ReplyDelete[rant] Damn pay walls! In legal journals, SSRN provides free pre-prints of almost everything. In physics, arvix does the same. I'd be quite curious to see how much revenue these sites actually generate from pay wall limitations. The authors are getting paid faculty salaries, not royalties. The journals are available in print for anyone to view free of charge in university libraries across the country. The non-printing costs of journals like these can't be all that great with both content and peer review provided free or near free, and the journals are not for-profit entities for investors to repay and probably have no significant debt on their balance sheets.

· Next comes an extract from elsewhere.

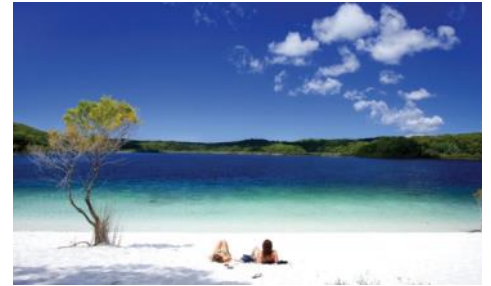
Lake Mackenzie on Fraser Island

I have to think that one could endow dozens of scholarly journals in perpetuity for the cost of one endowed professorship.[/rant]
The results are 10 CRS and two with just one mutation from CRS. Full details: http://www.buildinghistory.org/distantpast/ancientdna.shtml and my blog post:
ReplyDeletehttp://dna-forums.com/index.php?/blog/2/entry-88-death-on-the-euphrates-ancient-whodunnit/
They tested only the first 400 base pairs of HVR1, too little to securely allocate haplogroups.
Even so 10 CRS are obvious cause for concern about contamination, though they went to some trouble to guard against it.
"this find would be a few hundreds years pre-Hittite"
ReplyDeleteShould be
"few hundreds years before first Hittite written text"
Though I think you forget that as early as script was introduced to Anatolia from Mesopotamia there was ALREADY very diversified indo-european languages of the Anatolian branch(palaic,luwian,lykian,psidian,lykaonian...) and also distinct indo-iranian mitanni(1000 years before first vedic texts and wich is more archaic than vedic[mitanni azda=>vedic ada])wich undermines that ie was recently introduced to Anatolia.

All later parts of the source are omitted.